Dataguise DgDiscover and DgMasker work together to help administrators protect sensitive data in non-production use. DgDiscover finds databases deployed in enterprise networks and scans the data in them to identify sensitive information such as credit card numbers, social security numbers, names, addresses, telephone numbers, and other personally identifiable or proprietary information. DgMasker enables the rapid definition of policies for securely masking the sensitive data in a way that is completely transparent to downstream applications and uses.

Data masking is the process of de-identifying (masking) specific data elements within data stores. When used properly, sensitive data within application data sets is replaced with realistic, but not real, data. Data masking is typically done while provisioning non-production environments so that copies created to support test and development processes are not exposing sensitive information. The goal is to ensure that sensitive information is not available outside authorized environments, thus avoiding risks of breach or disclosure.

DgDiscover and DgMasker help administrators de-identify sensitive data for use in non-production environments. DgMasker's masking technology lets users create policies specific to their needs and makes the masking process repeatable. DgMasker allows data to be altered in a number of ways such as shuffling, character masking, Intellimasking™, randomization, format preserving masking, and custom-defined algorithms. DgMasker's CUPS (Consistent, Unique, Persistent, and Synchronous) features further enhance masking options to generate masked data sets that preserve application and referential integrity and various other data constraints during the masking operation.

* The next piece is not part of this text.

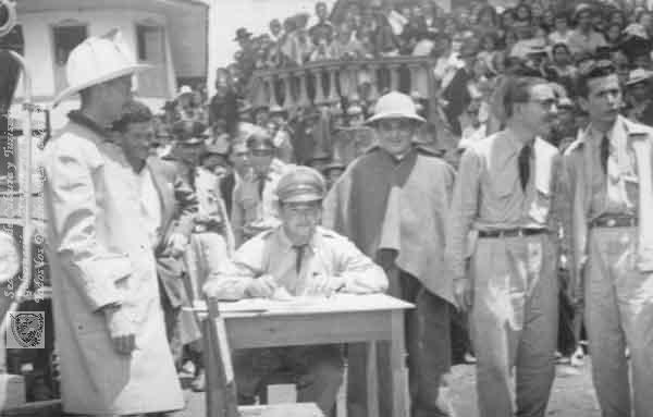 Sentado, Marino Quintero Paz(Alcalde), Padre Díaz, Dr. Echeverry Mesa, en ceremonia del Cuerpo de Bomberos.

Figure 38 How Does DgMasker Work?

NetApp and Dataguise products work together to provide a solution for rapidly sharing production data for non-production use while transparently protecting sensitive information from disclosure. NetApp SnapMirror® enables quick duplication of production data without disrupting running production applications. Dataguise sensitive data protection solutions, DgDiscover and DgMasker, reliably analyze the production data to locate and mask sensitive data. Writable clones of the masked data set can then be distributed quickly and efficiently with NetApp FlexClone®. The result is a solution for supporting key business processes such as test, development, and business analytics with fresh production data safely, efficiently, and with no impact on production systems.

Figure 39 NetApp Dev/Test Solution Framework

DgMasker masks sensitive application data sets with a highly scalable, masking-in-place technology that optimally leverages the computing power and features of the database platform. Unlike ETL approaches, Dataguise's unique masking-in-place technology utilizes storage space most efficiently by de-identifying data within the rows and columns of existing database schemas. As a result, masking is performed in a remarkably short period of time to meet business SLA requirements.

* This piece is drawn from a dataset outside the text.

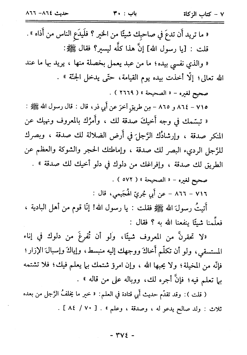 "تبسّمك في وجه أَخيكَ صدقة لك، وأَمرُك بالمعروف ونهيك عن المنكر صدقة، وإرشادُك الرَّجلَ في أَرض الضلالة لك صدقة، وبصرك للرَّجل الرديء البصر لك صدقة، وإماطتك الحجر والشوكة والعظم عن الطريق لك صدقة، وإفراغك من دلوك في دلو أخيك لك صدقة".

With NetApp and Dataguise solutions organizations enjoy increased productivity in supporting their key business processes while simultaneously managing and reducing their sensitive data exposure risks.

Product Installation Pre-requisites

DgDiscover and DgMasker support Oracle databases running on Linux, Unix, or Windows platforms.

DgDiscover and DgMasker require a Windows client for schema discovery and masking policy definition. Required configuration of the client includes:

Microsoft Windows 2003/2008 or Windows XP/Vista/7

Java 1.6+

.net framework 3.5

Oracle client (Administrator type) to connect to an Oracle database

Setup

The test environment had the following configuration:

Dataguise DgDiscover and DgMasker are installed on a Microsoft Windows machine connected to the Master Clone database created using SnapManager. The objective was to create a masked copy of the Master database which could be efficiently cloned and distributed to support numerous test, development, and analytics uses.

Dataguise DgMasker utilizes a masking-in-place approach and requires elevated privileges in the database to run the masking. The overall setup was a two-step process:

Install DgDiscover and DgMasker on Microsoft Windows machine.

Create a "DG" user with the appropriate privileges using a script provided by Dataguise.


Step 1 DgDiscover was used to perform a discovery operation against the target database to identify sensitive data and to guide in the creation of an appropriate masking policy. Steps included:

1. Connecting to the target database through an account with full read-only privileges.

2. Defining the sensitive data types to be discovered.

3. Running the discovery operation and identifying a set of columns containing sensitive data for masking during the test.

Figure 40 DgDiscover Results Against the Test Dataset

Step 2 DgMasker was used to connect to the database and define a masking policy, which allowed testers to:

1. Verify connectivity to the database.

2. View the structure and ERD diagrams of the tables intended to be masked.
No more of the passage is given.